[[ Data records, beginning ]]
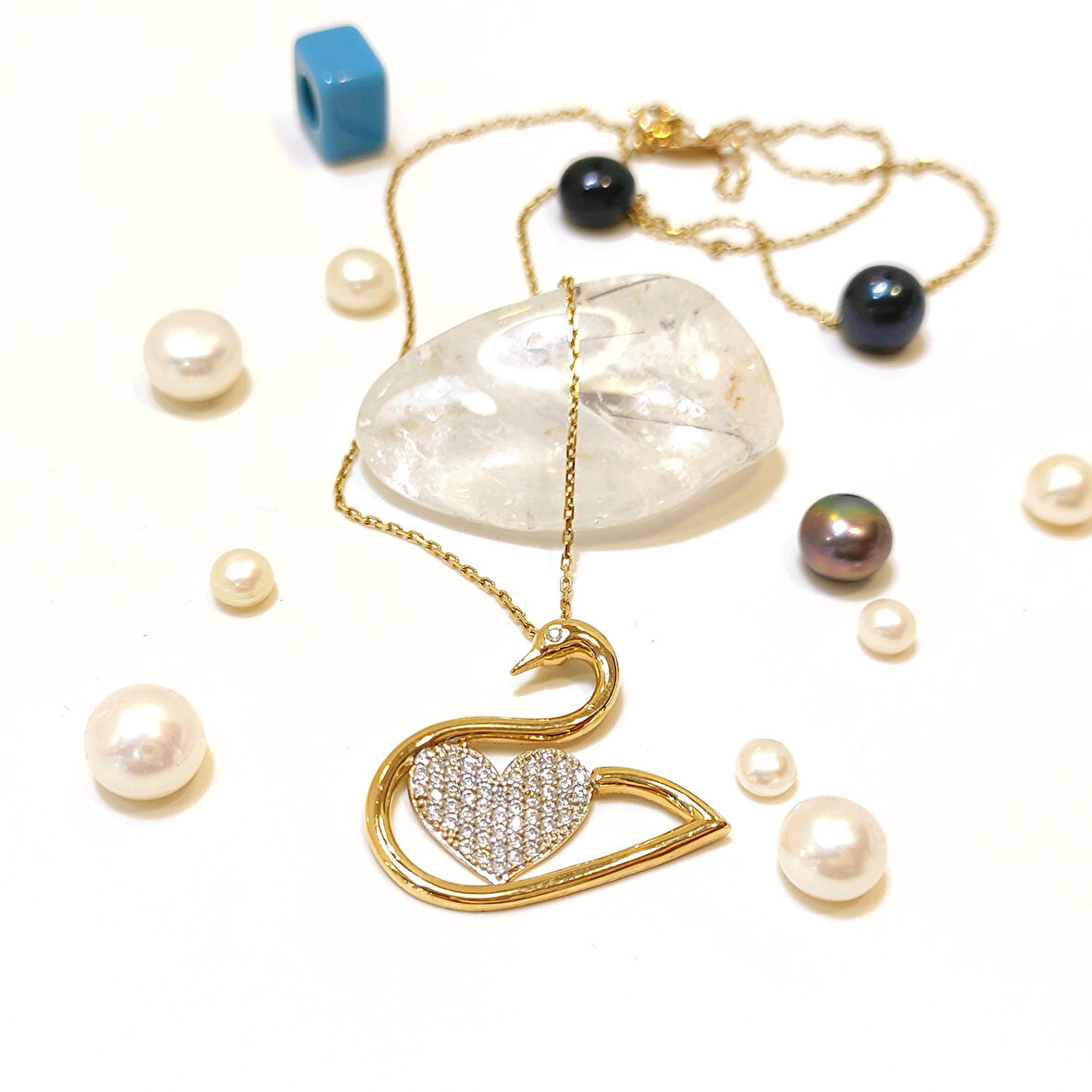 Kuğu Kalp Kolye 14 Ayar Altın HD VİDEOLU
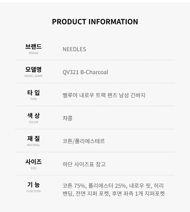 | 1. 제품 소재 (섬유의 조성 또는 혼용률을 백분율로 표시, 기능성인 경우 성적서 또는 허가서) | 상세페이지 참조 |
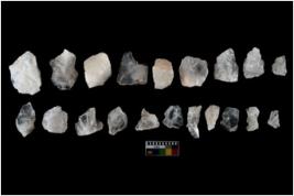 | Description / विवरण | There are n-20 of intact flake cores made up of Quartz. Some of them have bulge of percussion and some are flat flakes. |
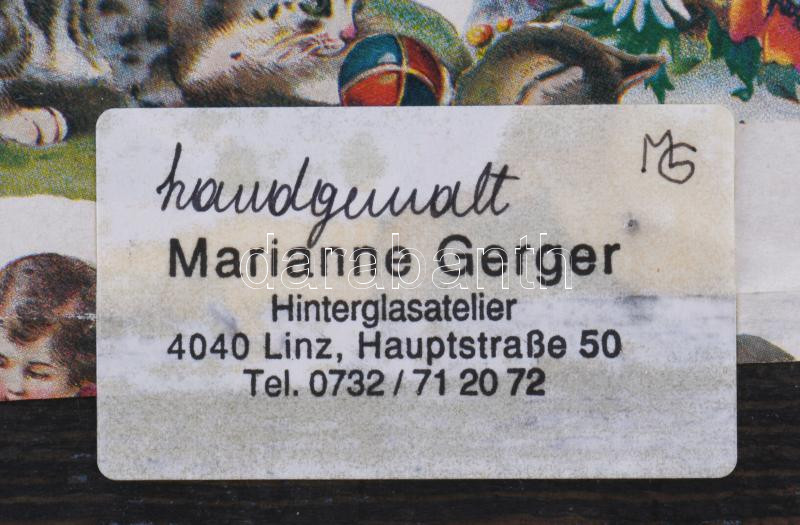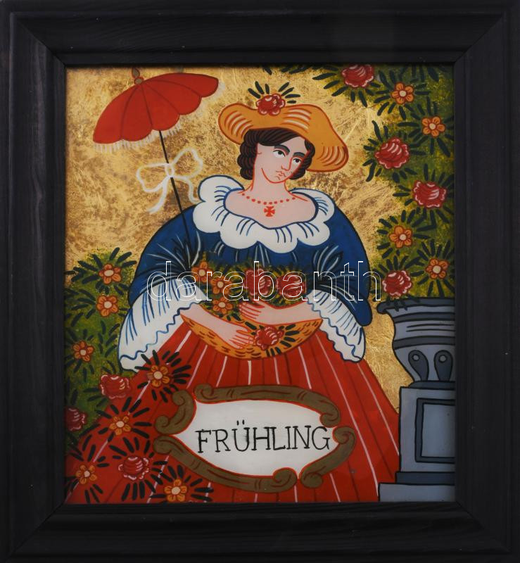 Gerger, Marianne (XX. sz. vége/XXI. sz. eleje): Frühling. Festett üveg (Hinterglasmalerei), hátoldalán címkén jelzett, fakeretben, 24×21 cm
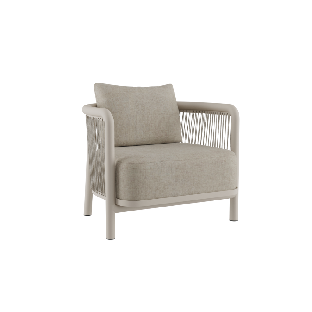 The construction is built around a powder-coated aluminium frame that does not rust, combined with durable textiles with high lightfastness (7–8). The cushions are made with Quick Dry Foam, allowing the sofa to dry quickly after rain and remain outdoors all year without the need for storage.
[[ Data records, end ]]
**Task description:**
Without including any picture, reproduce all of the material exactly.

**The answer:**
 Kuğu Kalp Kolye 14 Ayar Altın HD VİDEOLU
 | 1. 제품 소재 (섬유의 조성 또는 혼용률을 백분율로 표시, 기능성인 경우 성적서 또는 허가서) | 상세페이지 참조 |
 | Description / विवरण | There are n-20 of intact flake cores made up of Quartz. Some of them have bulge of percussion and some are flat flakes. |
 Gerger, Marianne (XX. sz. vége/XXI. sz. eleje): Frühling. Festett üveg (Hinterglasmalerei), hátoldalán címkén jelzett, fakeretben, 24×21 cm
 The construction is built around a powder-coated aluminium frame that does not rust, combined with durable textiles with high lightfastness (7–8). The cushions are made with Quick Dry Foam, allowing the sofa to dry quickly after rain and remain outdoors all year without the need for storage.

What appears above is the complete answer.